Set down every record below exactly as it stands, minus the pictures.

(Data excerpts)
┏━━
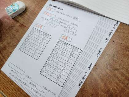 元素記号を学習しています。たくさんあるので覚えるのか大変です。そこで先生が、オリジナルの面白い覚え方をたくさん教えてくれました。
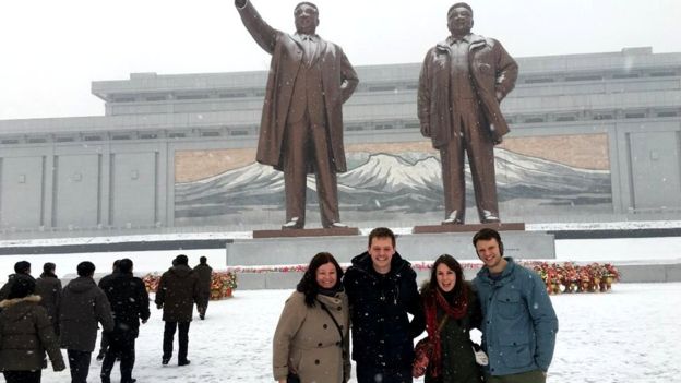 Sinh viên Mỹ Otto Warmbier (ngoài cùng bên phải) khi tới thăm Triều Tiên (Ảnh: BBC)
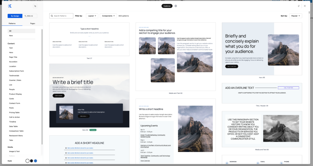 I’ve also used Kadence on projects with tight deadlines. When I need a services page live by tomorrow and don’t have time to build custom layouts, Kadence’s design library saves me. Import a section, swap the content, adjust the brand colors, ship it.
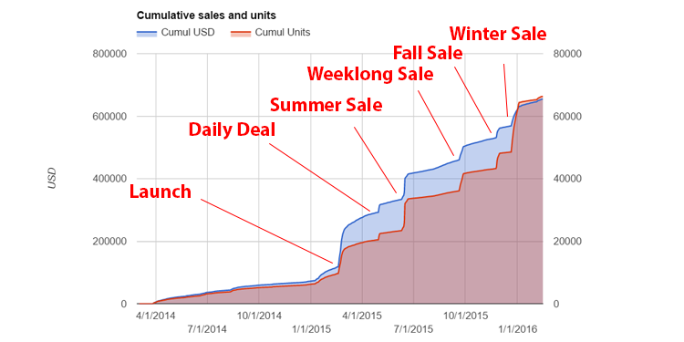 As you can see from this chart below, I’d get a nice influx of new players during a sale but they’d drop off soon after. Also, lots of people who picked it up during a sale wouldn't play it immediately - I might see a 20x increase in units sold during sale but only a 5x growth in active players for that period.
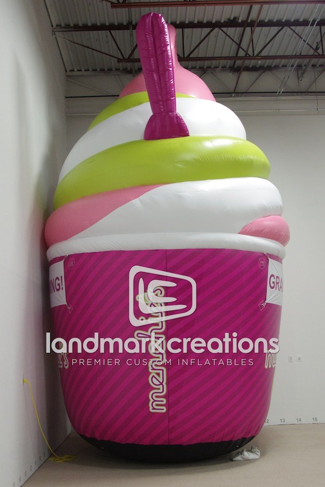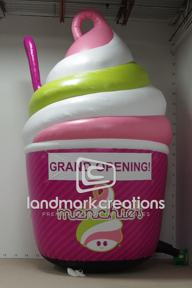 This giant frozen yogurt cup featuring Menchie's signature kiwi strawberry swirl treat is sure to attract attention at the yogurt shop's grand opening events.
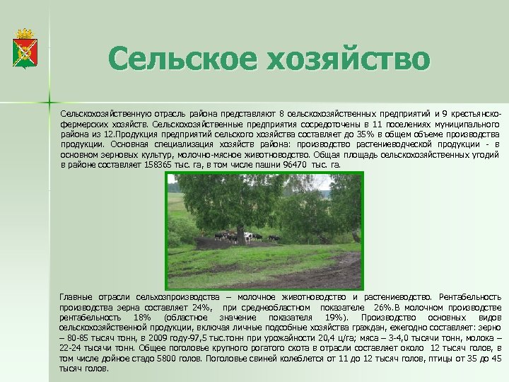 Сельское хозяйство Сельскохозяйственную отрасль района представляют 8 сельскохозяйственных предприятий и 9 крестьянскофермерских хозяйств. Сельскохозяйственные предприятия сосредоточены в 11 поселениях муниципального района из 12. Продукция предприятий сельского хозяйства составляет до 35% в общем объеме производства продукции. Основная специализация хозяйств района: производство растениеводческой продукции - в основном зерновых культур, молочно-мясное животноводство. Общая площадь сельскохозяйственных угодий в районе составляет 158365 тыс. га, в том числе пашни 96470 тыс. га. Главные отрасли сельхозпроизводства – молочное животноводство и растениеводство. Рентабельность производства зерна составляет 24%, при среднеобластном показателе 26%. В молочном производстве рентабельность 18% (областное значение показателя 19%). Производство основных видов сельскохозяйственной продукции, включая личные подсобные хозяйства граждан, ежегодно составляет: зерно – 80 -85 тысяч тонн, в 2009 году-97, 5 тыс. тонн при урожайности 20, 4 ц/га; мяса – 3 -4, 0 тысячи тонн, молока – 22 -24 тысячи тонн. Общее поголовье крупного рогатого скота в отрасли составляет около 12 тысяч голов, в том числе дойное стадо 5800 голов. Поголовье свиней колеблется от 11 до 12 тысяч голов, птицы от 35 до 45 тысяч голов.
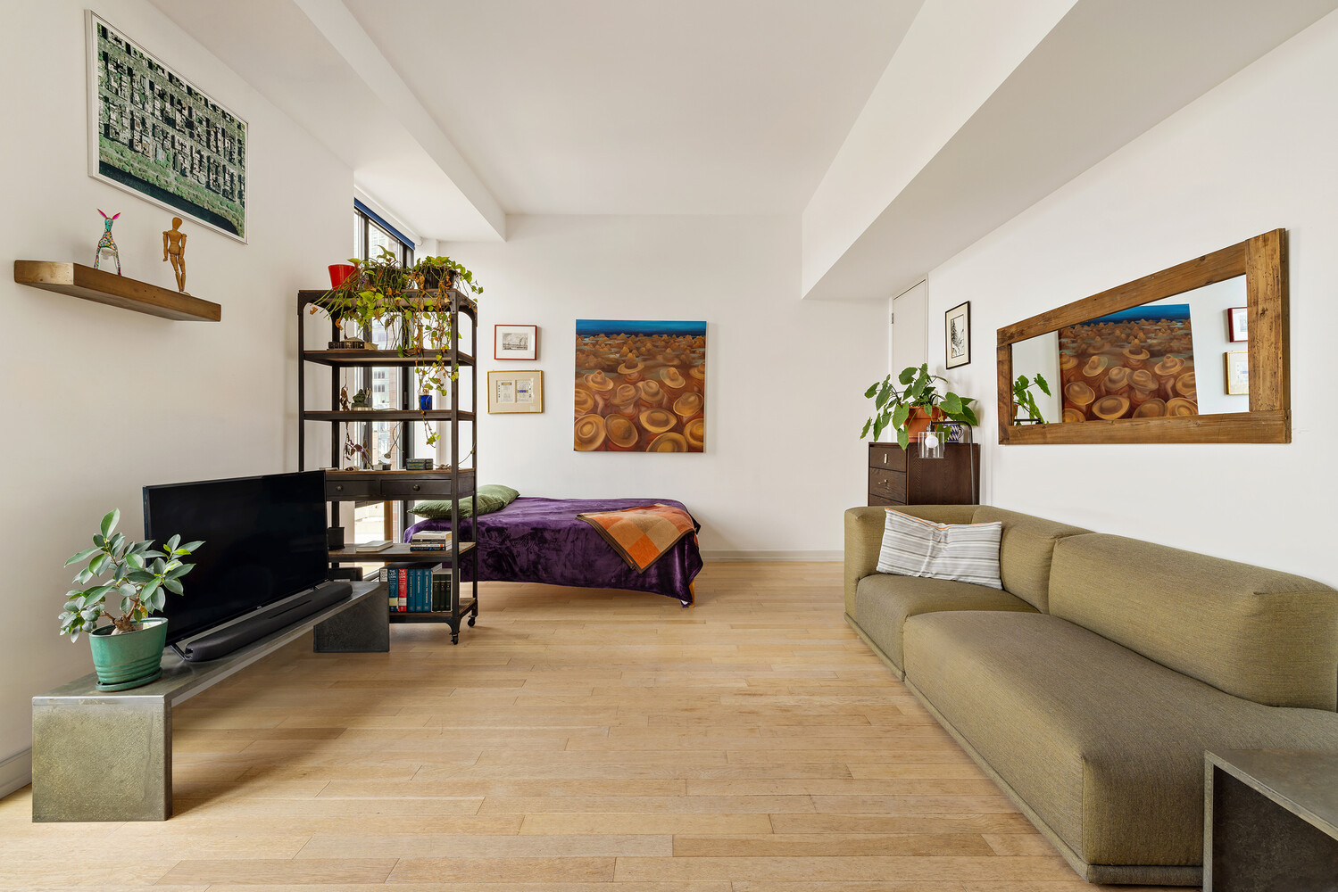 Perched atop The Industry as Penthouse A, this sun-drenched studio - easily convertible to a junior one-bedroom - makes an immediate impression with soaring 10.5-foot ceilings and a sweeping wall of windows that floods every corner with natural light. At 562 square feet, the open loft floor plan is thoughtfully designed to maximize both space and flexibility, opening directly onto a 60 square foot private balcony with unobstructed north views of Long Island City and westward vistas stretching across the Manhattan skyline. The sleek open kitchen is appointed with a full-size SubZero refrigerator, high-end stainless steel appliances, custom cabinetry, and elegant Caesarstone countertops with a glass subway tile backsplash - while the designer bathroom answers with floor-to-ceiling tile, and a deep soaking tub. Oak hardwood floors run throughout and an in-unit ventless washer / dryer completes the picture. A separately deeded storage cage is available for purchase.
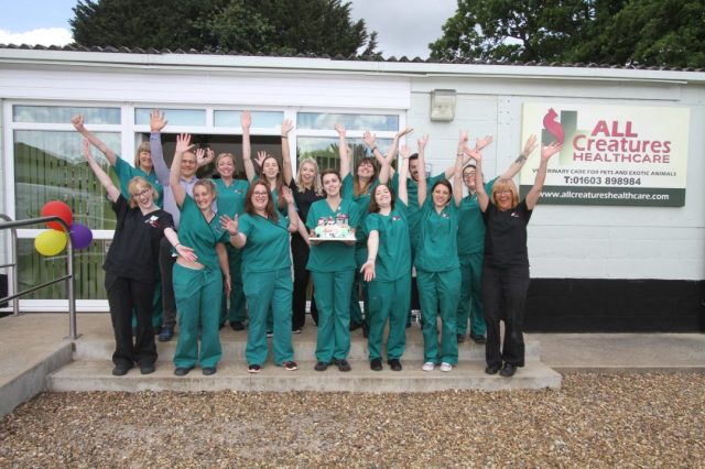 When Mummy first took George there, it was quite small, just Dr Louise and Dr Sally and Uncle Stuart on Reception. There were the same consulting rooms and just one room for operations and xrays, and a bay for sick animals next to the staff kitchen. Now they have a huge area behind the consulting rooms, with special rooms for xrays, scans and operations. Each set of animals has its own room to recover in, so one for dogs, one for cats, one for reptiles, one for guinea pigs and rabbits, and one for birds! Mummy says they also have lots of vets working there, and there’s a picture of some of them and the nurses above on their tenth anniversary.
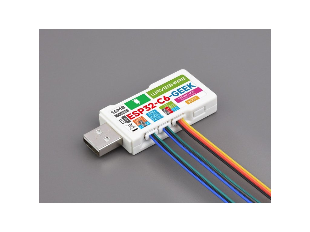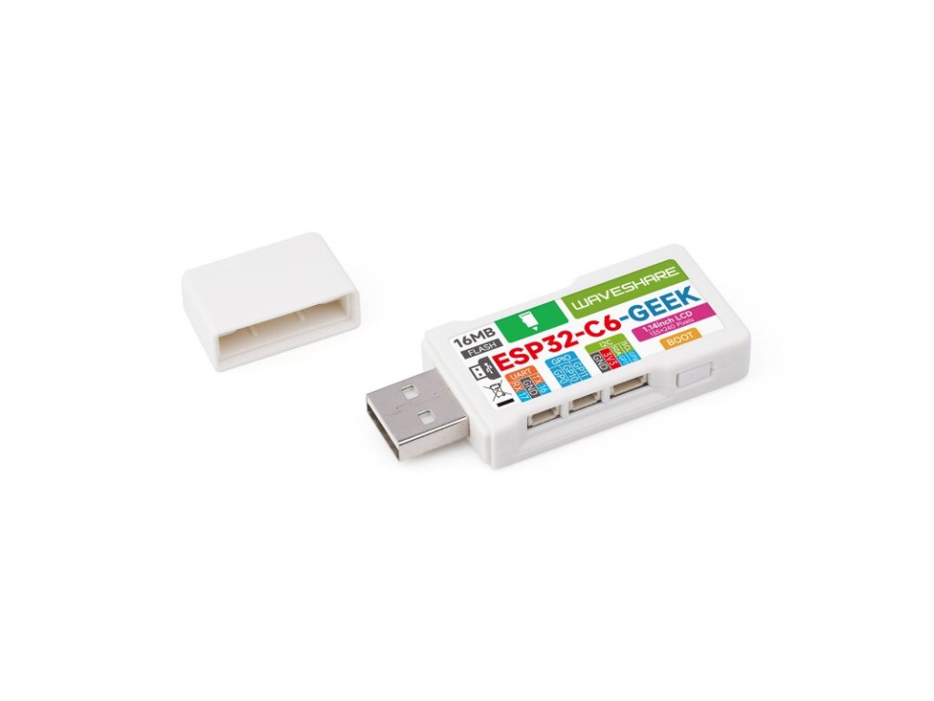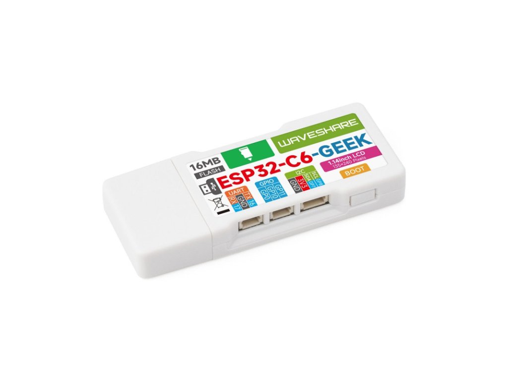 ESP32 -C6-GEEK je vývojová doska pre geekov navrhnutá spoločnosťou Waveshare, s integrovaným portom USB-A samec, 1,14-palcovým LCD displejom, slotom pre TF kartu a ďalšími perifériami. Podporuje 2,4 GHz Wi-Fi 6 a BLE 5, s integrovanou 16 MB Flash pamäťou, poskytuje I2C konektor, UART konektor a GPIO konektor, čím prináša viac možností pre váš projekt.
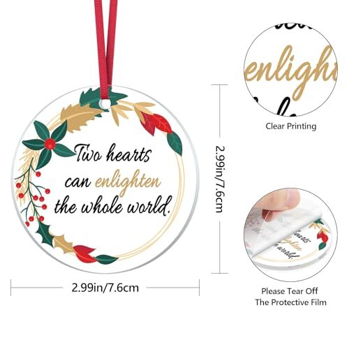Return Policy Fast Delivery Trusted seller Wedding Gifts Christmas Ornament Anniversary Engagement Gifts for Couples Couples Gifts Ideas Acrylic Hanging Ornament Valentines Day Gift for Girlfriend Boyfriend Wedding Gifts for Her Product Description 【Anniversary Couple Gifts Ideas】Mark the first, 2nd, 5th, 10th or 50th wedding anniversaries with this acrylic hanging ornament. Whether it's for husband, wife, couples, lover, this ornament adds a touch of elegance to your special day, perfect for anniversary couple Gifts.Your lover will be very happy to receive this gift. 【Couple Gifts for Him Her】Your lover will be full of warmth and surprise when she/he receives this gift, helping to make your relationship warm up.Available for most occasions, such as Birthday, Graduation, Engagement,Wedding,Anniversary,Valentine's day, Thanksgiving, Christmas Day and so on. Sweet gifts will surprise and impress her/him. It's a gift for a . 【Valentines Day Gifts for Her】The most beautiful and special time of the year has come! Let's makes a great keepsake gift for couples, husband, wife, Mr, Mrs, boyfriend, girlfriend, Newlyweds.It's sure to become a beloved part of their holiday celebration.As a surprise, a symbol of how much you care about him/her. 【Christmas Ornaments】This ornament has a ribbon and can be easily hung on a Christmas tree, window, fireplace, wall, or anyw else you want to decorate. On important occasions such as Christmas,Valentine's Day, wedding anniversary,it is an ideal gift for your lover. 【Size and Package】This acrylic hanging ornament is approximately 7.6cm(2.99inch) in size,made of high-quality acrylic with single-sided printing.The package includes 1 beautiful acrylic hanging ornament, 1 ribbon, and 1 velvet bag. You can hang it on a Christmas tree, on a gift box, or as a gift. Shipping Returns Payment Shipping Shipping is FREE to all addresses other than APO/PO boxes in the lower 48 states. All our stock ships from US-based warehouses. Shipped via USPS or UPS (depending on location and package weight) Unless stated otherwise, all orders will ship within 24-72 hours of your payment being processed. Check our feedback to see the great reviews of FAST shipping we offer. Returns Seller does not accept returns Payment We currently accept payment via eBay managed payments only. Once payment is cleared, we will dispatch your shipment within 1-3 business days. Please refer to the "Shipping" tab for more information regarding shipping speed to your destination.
┗━━
| Result of this task |
 元素記号を学習しています。たくさんあるので覚えるのか大変です。そこで先生が、オリジナルの面白い覚え方をたくさん教えてくれました。
 Sinh viên Mỹ Otto Warmbier (ngoài cùng bên phải) khi tới thăm Triều Tiên (Ảnh: BBC)
 I’ve also used Kadence on projects with tight deadlines. When I need a services page live by tomorrow and don’t have time to build custom layouts, Kadence’s design library saves me. Import a section, swap the content, adjust the brand colors, ship it.
 As you can see from this chart below, I’d get a nice influx of new players during a sale but they’d drop off soon after. Also, lots of people who picked it up during a sale wouldn't play it immediately - I might see a 20x increase in units sold during sale but only a 5x growth in active players for that period.
 This giant frozen yogurt cup featuring Menchie's signature kiwi strawberry swirl treat is sure to attract attention at the yogurt shop's grand opening events.
 Сельское хозяйство Сельскохозяйственную отрасль района представляют 8 сельскохозяйственных предприятий и 9 крестьянскофермерских хозяйств. Сельскохозяйственные предприятия сосредоточены в 11 поселениях муниципального района из 12. Продукция предприятий сельского хозяйства составляет до 35% в общем объеме производства продукции. Основная специализация хозяйств района: производство растениеводческой продукции - в основном зерновых культур, молочно-мясное животноводство. Общая площадь сельскохозяйственных угодий в районе составляет 158365 тыс. га, в том числе пашни 96470 тыс. га. Главные отрасли сельхозпроизводства – молочное животноводство и растениеводство. Рентабельность производства зерна составляет 24%, при среднеобластном показателе 26%. В молочном производстве рентабельность 18% (областное значение показателя 19%). Производство основных видов сельскохозяйственной продукции, включая личные подсобные хозяйства граждан, ежегодно составляет: зерно – 80 -85 тысяч тонн, в 2009 году-97, 5 тыс. тонн при урожайности 20, 4 ц/га; мяса – 3 -4, 0 тысячи тонн, молока – 22 -24 тысячи тонн. Общее поголовье крупного рогатого скота в отрасли составляет около 12 тысяч голов, в том числе дойное стадо 5800 голов. Поголовье свиней колеблется от 11 до 12 тысяч голов, птицы от 35 до 45 тысяч голов.
 Perched atop The Industry as Penthouse A, this sun-drenched studio - easily convertible to a junior one-bedroom - makes an immediate impression with soaring 10.5-foot ceilings and a sweeping wall of windows that floods every corner with natural light. At 562 square feet, the open loft floor plan is thoughtfully designed to maximize both space and flexibility, opening directly onto a 60 square foot private balcony with unobstructed north views of Long Island City and westward vistas stretching across the Manhattan skyline. The sleek open kitchen is appointed with a full-size SubZero refrigerator, high-end stainless steel appliances, custom cabinetry, and elegant Caesarstone countertops with a glass subway tile backsplash - while the designer bathroom answers with floor-to-ceiling tile, and a deep soaking tub. Oak hardwood floors run throughout and an in-unit ventless washer / dryer completes the picture. A separately deeded storage cage is available for purchase.
 When Mummy first took George there, it was quite small, just Dr Louise and Dr Sally and Uncle Stuart on Reception. There were the same consulting rooms and just one room for operations and xrays, and a bay for sick animals next to the staff kitchen. Now they have a huge area behind the consulting rooms, with special rooms for xrays, scans and operations. Each set of animals has its own room to recover in, so one for dogs, one for cats, one for reptiles, one for guinea pigs and rabbits, and one for birds! Mummy says they also have lots of vets working there, and there’s a picture of some of them and the nurses above on their tenth anniversary.
 ESP32 -C6-GEEK je vývojová doska pre geekov navrhnutá spoločnosťou Waveshare, s integrovaným portom USB-A samec, 1,14-palcovým LCD displejom, slotom pre TF kartu a ďalšími perifériami. Podporuje 2,4 GHz Wi-Fi 6 a BLE 5, s integrovanou 16 MB Flash pamäťou, poskytuje I2C konektor, UART konektor a GPIO konektor, čím prináša viac možností pre váš projekt.
Return Policy Fast Delivery Trusted seller Wedding Gifts Christmas Ornament Anniversary Engagement Gifts for Couples Couples Gifts Ideas Acrylic Hanging Ornament Valentines Day Gift for Girlfriend Boyfriend Wedding Gifts for Her Product Description 【Anniversary Couple Gifts Ideas】Mark the first, 2nd, 5th, 10th or 50th wedding anniversaries with this acrylic hanging ornament. Whether it's for husband, wife, couples, lover, this ornament adds a touch of elegance to your special day, perfect for anniversary couple Gifts.Your lover will be very happy to receive this gift. 【Couple Gifts for Him Her】Your lover will be full of warmth and surprise when she/he receives this gift, helping to make your relationship warm up.Available for most occasions, such as Birthday, Graduation, Engagement,Wedding,Anniversary,Valentine's day, Thanksgiving, Christmas Day and so on. Sweet gifts will surprise and impress her/him. It's a gift for a . 【Valentines Day Gifts for Her】The most beautiful and special time of the year has come! Let's makes a great keepsake gift for couples, husband, wife, Mr, Mrs, boyfriend, girlfriend, Newlyweds.It's sure to become a beloved part of their holiday celebration.As a surprise, a symbol of how much you care about him/her. 【Christmas Ornaments】This ornament has a ribbon and can be easily hung on a Christmas tree, window, fireplace, wall, or anyw else you want to decorate. On important occasions such as Christmas,Valentine's Day, wedding anniversary,it is an ideal gift for your lover. 【Size and Package】This acrylic hanging ornament is approximately 7.6cm(2.99inch) in size,made of high-quality acrylic with single-sided printing.The package includes 1 beautiful acrylic hanging ornament, 1 ribbon, and 1 velvet bag. You can hang it on a Christmas tree, on a gift box, or as a gift. Shipping Returns Payment Shipping Shipping is FREE to all addresses other than APO/PO boxes in the lower 48 states. All our stock ships from US-based warehouses. Shipped via USPS or UPS (depending on location and package weight) Unless stated otherwise, all orders will ship within 24-72 hours of your payment being processed. Check our feedback to see the great reviews of FAST shipping we offer. Returns Seller does not accept returns Payment We currently accept payment via eBay managed payments only. Once payment is cleared, we will dispatch your shipment within 1-3 business days. Please refer to the "Shipping" tab for more information regarding shipping speed to your destination.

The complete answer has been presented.